= Provided records =
● ● ● ● ● ● ●

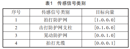 具體測(cè)試方法如下:4種類型的傳感信號(hào)分別采集40組'得到160組樣本用于BP神經(jīng)網(wǎng)絡(luò)的學(xué)習(xí);另外'再對(duì)每種類型的傳感信號(hào)分別采集10組'得到40組測(cè)試樣本對(duì)完成學(xué)習(xí)的BP神經(jīng)網(wǎng)絡(luò)進(jìn)行測(cè)試。將輸出向量中的最大元素置1'其他元素置0'那么可能結(jié)果為[1'0'0'0]、[0'1'0'0]、[0'0'1'0]和[0'0'0'1]'如表1所示。其中'[1'0'0'0]代表拍打防護(hù)網(wǎng)'[0'1'0'0]代表擊打防護(hù)網(wǎng)支柱'[0'0'1'0]代表晃動(dòng)防護(hù)網(wǎng)'[0'0'0'1]代表拍打光纜。
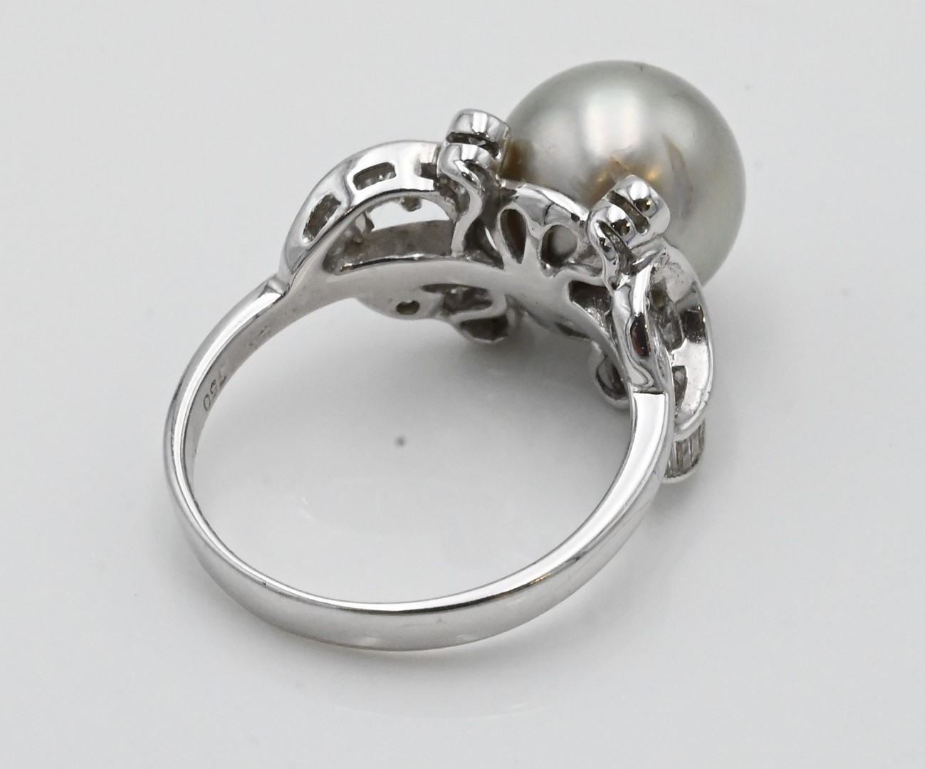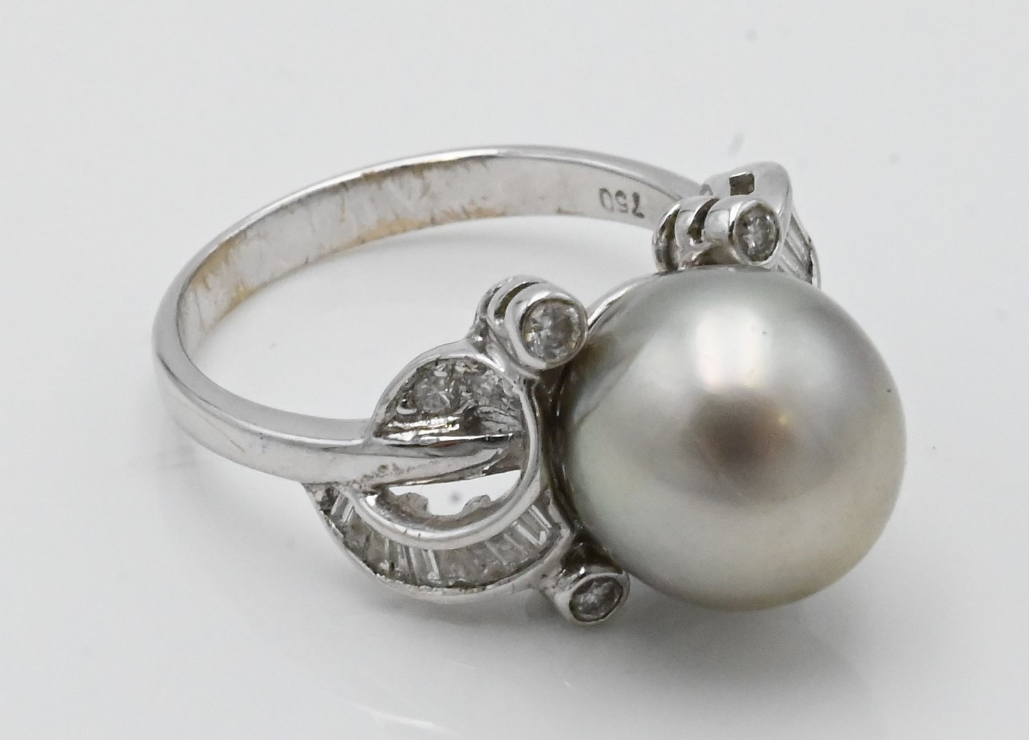 18 Karat White Gold Ring, set with center grey pearl, 10.2 millimeters, baguette and round diamonds, size 6 1/4, 5.5 grams.
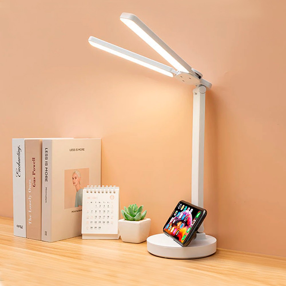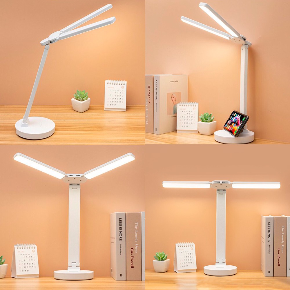 Настольная лампа Double современная настольная лампа, которая позаботится о ваших глазах (три цветовых температуры 3000K-4000K-6400K). Свобода от проводов обеспечена встроенным аккумулятор (емкость батареи 1200 mAh). Просто зарядите её и используйте там, где она нужена. Вход: 5V-2A / 3.7V (потребляемая мощность 5W). Световой поток ≈ 250 lm. Индексом цветопередачи >80 CRA. В комплекте кабель USB и инструкция.
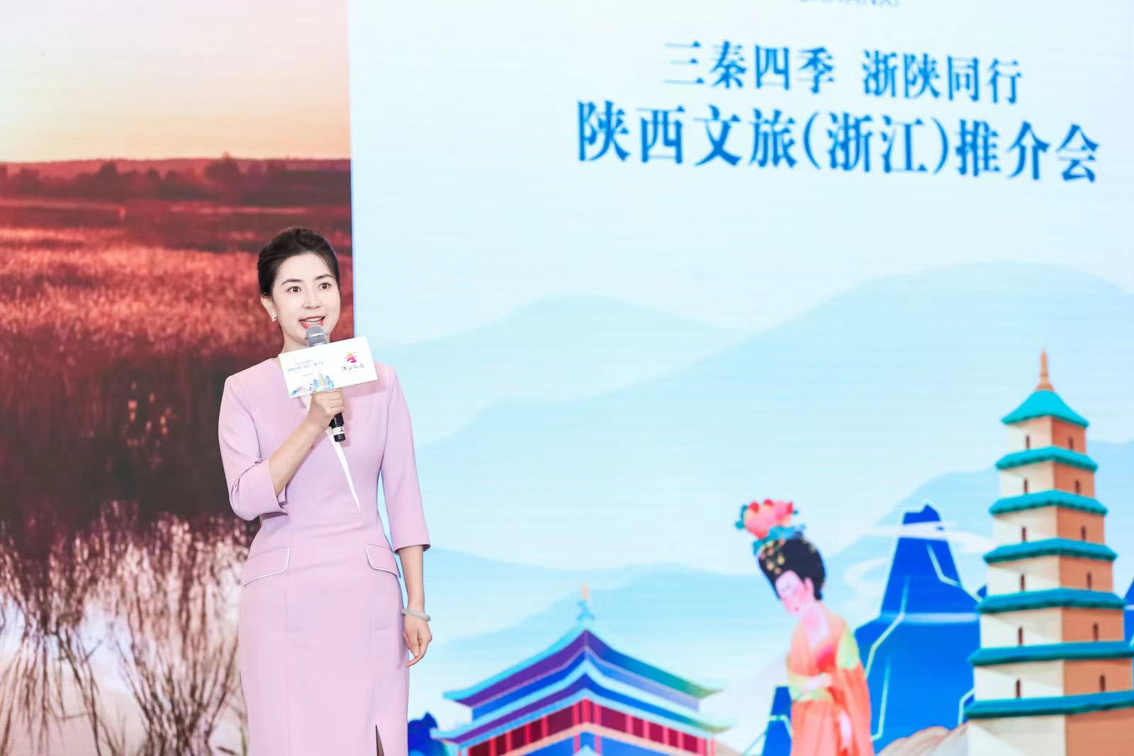 陕西金牌导游刘莉以经典诗词为引线,围绕“三秦四季”的自然风光、历史人文、非遗美食等主题,对陕西知名景区、精品线路、名胜古迹等进行分享,引领现场观众一起朗诵经典诗词,让来自浙江的嘉宾真切感受到陕西浓厚的历史文化。
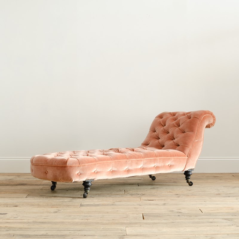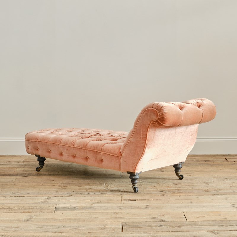 The current pink draylon velvet upholstery is lacking a few buttons on the middle of the seat.
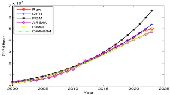 In the same way as in Part 3, the QFRMKM model, FGMKM model, and MKMOWM model are established to predict Hunan’s GDP of China. The Markov optimal weighted combination model is
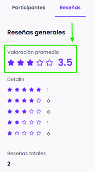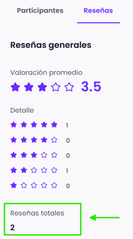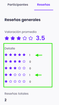 👀 El total de reseñas y comentarios, indicando quién calificó, cuántas estrellas asignó y su opinión.
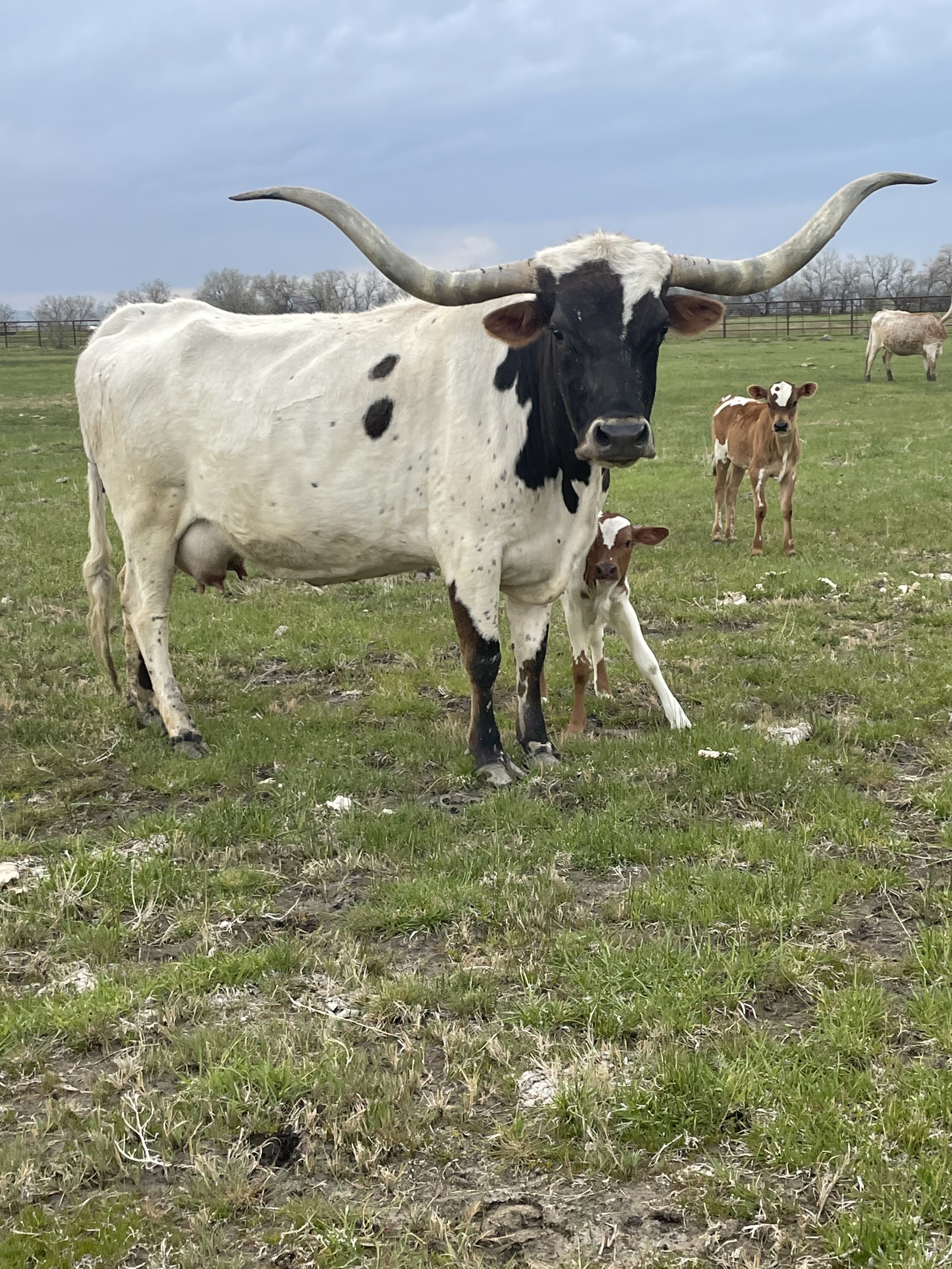 She is out of our AI program, we are using quality big bulls with the best pedigree's and allot of color and horn to improve our herd.
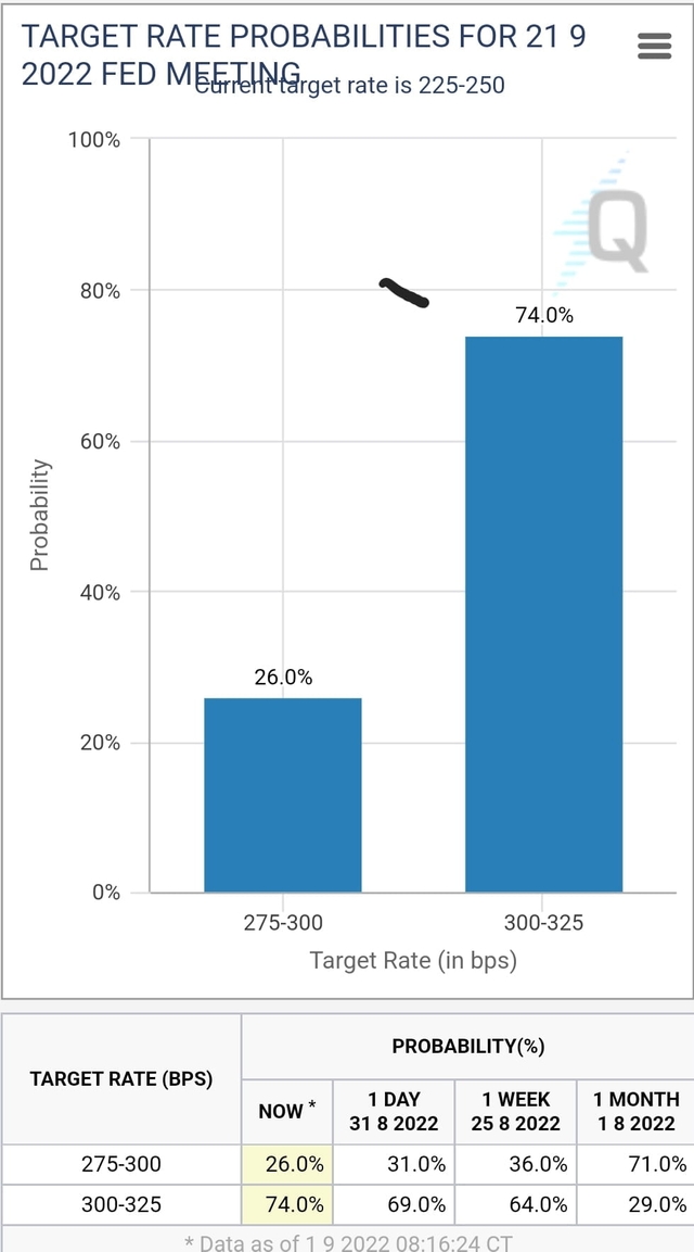 달러인덱스가 109선을 넘어선 것도 살펴볼 부분입니다. 현재 109.2선에서 움직이고 있죠. 미국 10년물 국채수익률은 하루사이에 11bp 뛰면서 현재 연 3.249%까지 올랐고, 통화정책에 민감하게 움직이는 2년물은 연 3.5%를 넘어섰습니다. 관련해서 함께 보실 만한 데이터는 연방기금금리 선물 시장 흐름을 기반으로 미국 기준금리 인상폭들의 확률을 보여주는 fedwatch 데이터입니다. 한 달 전까지만 해도 9월 기준금리 50bp 인상확률이 71%였는데, 이제는 75bp 인상확률이 74%까지 뛰어올랐습니다.

● ● ● ● ● ● ●

= What this task involves =
For every entry above, please output the text exactly and leave any picture behind.

= Result =
 具體測(cè)試方法如下:4種類型的傳感信號(hào)分別采集40組'得到160組樣本用于BP神經(jīng)網(wǎng)絡(luò)的學(xué)習(xí);另外'再對(duì)每種類型的傳感信號(hào)分別采集10組'得到40組測(cè)試樣本對(duì)完成學(xué)習(xí)的BP神經(jīng)網(wǎng)絡(luò)進(jìn)行測(cè)試。將輸出向量中的最大元素置1'其他元素置0'那么可能結(jié)果為[1'0'0'0]、[0'1'0'0]、[0'0'1'0]和[0'0'0'1]'如表1所示。其中'[1'0'0'0]代表拍打防護(hù)網(wǎng)'[0'1'0'0]代表擊打防護(hù)網(wǎng)支柱'[0'0'1'0]代表晃動(dòng)防護(hù)網(wǎng)'[0'0'0'1]代表拍打光纜。
 18 Karat White Gold Ring, set with center grey pearl, 10.2 millimeters, baguette and round diamonds, size 6 1/4, 5.5 grams.
 Настольная лампа Double современная настольная лампа, которая позаботится о ваших глазах (три цветовых температуры 3000K-4000K-6400K). Свобода от проводов обеспечена встроенным аккумулятор (емкость батареи 1200 mAh). Просто зарядите её и используйте там, где она нужена. Вход: 5V-2A / 3.7V (потребляемая мощность 5W). Световой поток ≈ 250 lm. Индексом цветопередачи >80 CRA. В комплекте кабель USB и инструкция.
 陕西金牌导游刘莉以经典诗词为引线,围绕“三秦四季”的自然风光、历史人文、非遗美食等主题,对陕西知名景区、精品线路、名胜古迹等进行分享,引领现场观众一起朗诵经典诗词,让来自浙江的嘉宾真切感受到陕西浓厚的历史文化。
 The current pink draylon velvet upholstery is lacking a few buttons on the middle of the seat.
 In the same way as in Part 3, the QFRMKM model, FGMKM model, and MKMOWM model are established to predict Hunan’s GDP of China. The Markov optimal weighted combination model is
 👀 El total de reseñas y comentarios, indicando quién calificó, cuántas estrellas asignó y su opinión.
 She is out of our AI program, we are using quality big bulls with the best pedigree's and allot of color and horn to improve our herd.
 달러인덱스가 109선을 넘어선 것도 살펴볼 부분입니다. 현재 109.2선에서 움직이고 있죠. 미국 10년물 국채수익률은 하루사이에 11bp 뛰면서 현재 연 3.249%까지 올랐고, 통화정책에 민감하게 움직이는 2년물은 연 3.5%를 넘어섰습니다. 관련해서 함께 보실 만한 데이터는 연방기금금리 선물 시장 흐름을 기반으로 미국 기준금리 인상폭들의 확률을 보여주는 fedwatch 데이터입니다. 한 달 전까지만 해도 9월 기준금리 50bp 인상확률이 71%였는데, 이제는 75bp 인상확률이 74%까지 뛰어올랐습니다.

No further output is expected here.